* [About this task] Could you give the entries back exactly as they stand, minus any pictures?

* [Data]
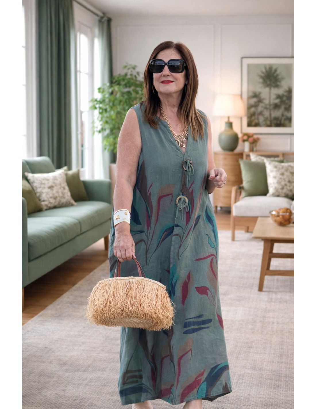 Vestido verde lino estampado hojas
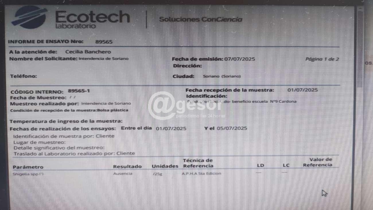 Este lunes la Oficina de Relaciones Públicas de la Intendencia difundió el resultado del análisis realizado a una muestra de chacinados recogido en Cardona y que se presumía podía ser la causa de la intoxicación que sufrió una niña de esa localidad. Las pruebas de laboratorio descartan que se trate de la bacteria shigella, sospechosa que provocar la intoxicación de la niña.
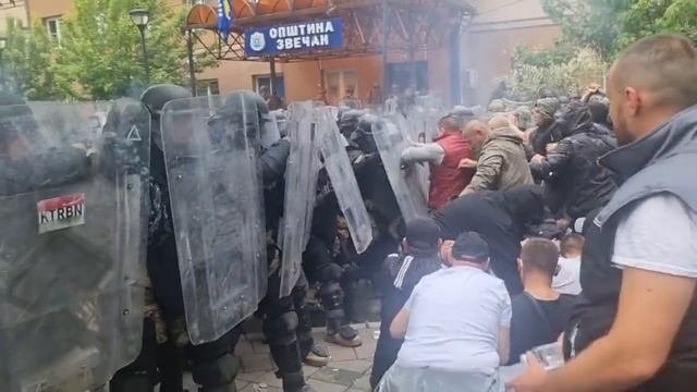 В Косово становится всё жарче: перед зданием муниципалитета в городе Звечан происходят столкновения между протестующими сербами и силовиками KFOR. Раздаются взрывы, применяются светошумовые гранаты. Натовские силовики используют слезоточивый газ, пишут СМИ
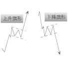 旗形 旗形由旗竿及旗身组成,可分为上升旗形及下降旗形。旗形形成的原因,是因为价格经过大幅上升或大幅下降后,被市场获利回吐或作空头回补。价格经过消化后,会再度延续其升势或跌势。突破后价格目标,是价格进入旗形走势前的升幅或跌幅。 |
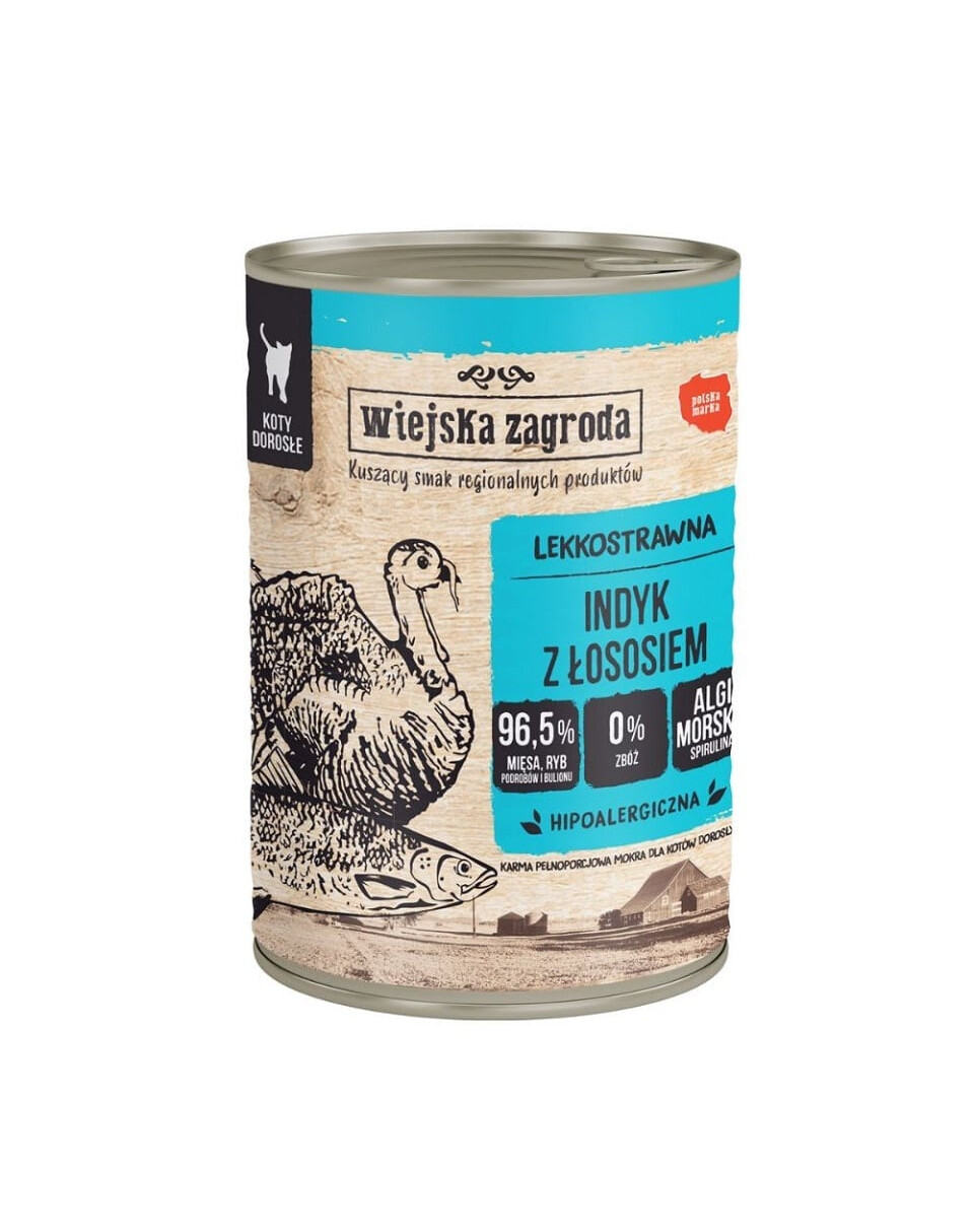 WIEJSKA ZAGRODA Kalakutiena su lašiša - drėgnas kačių ėdalas 12x400g
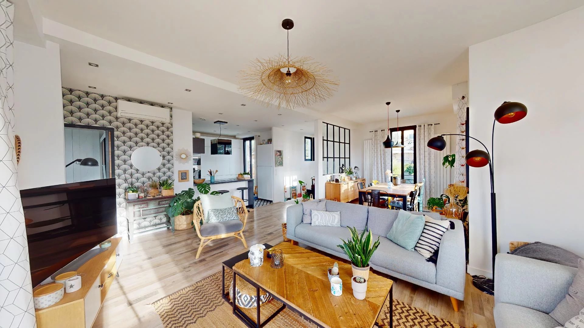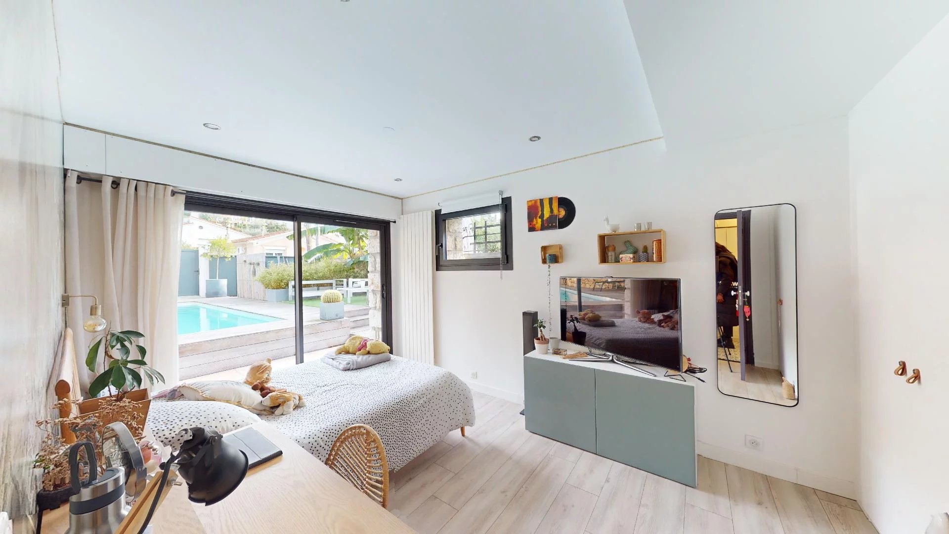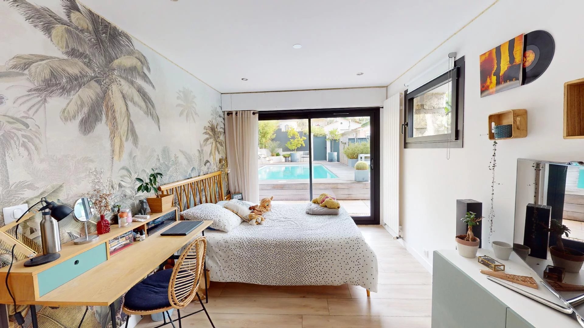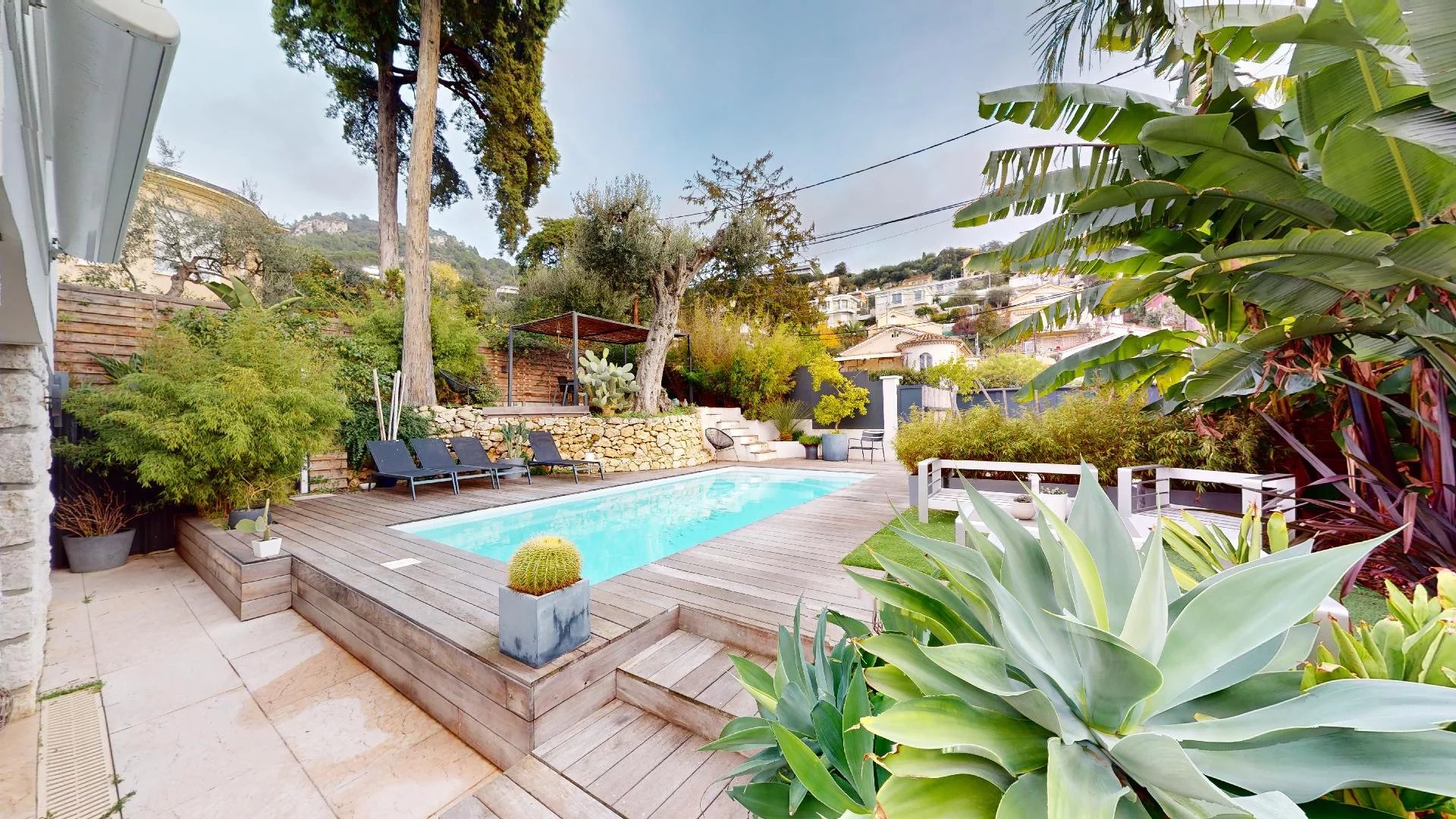 Regarding the exterior, this 400m2 garden has a 100m2 IPE terrace for your summer meals, a superb 3.5m/7m heated salt swimming pool, a relaxation area with garden furniture overlooking diverse and exotic vegetation and three large healthy cellars.
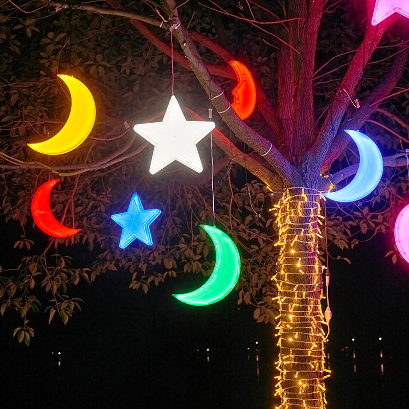 led发光月亮灯户外防水中秋节树木亮化装饰灯挂树月牙灯五角星灯

* [Finished exercise]
 Vestido verde lino estampado hojas
 Este lunes la Oficina de Relaciones Públicas de la Intendencia difundió el resultado del análisis realizado a una muestra de chacinados recogido en Cardona y que se presumía podía ser la causa de la intoxicación que sufrió una niña de esa localidad. Las pruebas de laboratorio descartan que se trate de la bacteria shigella, sospechosa que provocar la intoxicación de la niña.
 В Косово становится всё жарче: перед зданием муниципалитета в городе Звечан происходят столкновения между протестующими сербами и силовиками KFOR. Раздаются взрывы, применяются светошумовые гранаты. Натовские силовики используют слезоточивый газ, пишут СМИ
 旗形 旗形由旗竿及旗身组成,可分为上升旗形及下降旗形。旗形形成的原因,是因为价格经过大幅上升或大幅下降后,被市场获利回吐或作空头回补。价格经过消化后,会再度延续其升势或跌势。突破后价格目标,是价格进入旗形走势前的升幅或跌幅。 |
 WIEJSKA ZAGRODA Kalakutiena su lašiša - drėgnas kačių ėdalas 12x400g
 Regarding the exterior, this 400m2 garden has a 100m2 IPE terrace for your summer meals, a superb 3.5m/7m heated salt swimming pool, a relaxation area with garden furniture overlooking diverse and exotic vegetation and three large healthy cellars.
 led发光月亮灯户外防水中秋节树木亮化装饰灯挂树月牙灯五角星灯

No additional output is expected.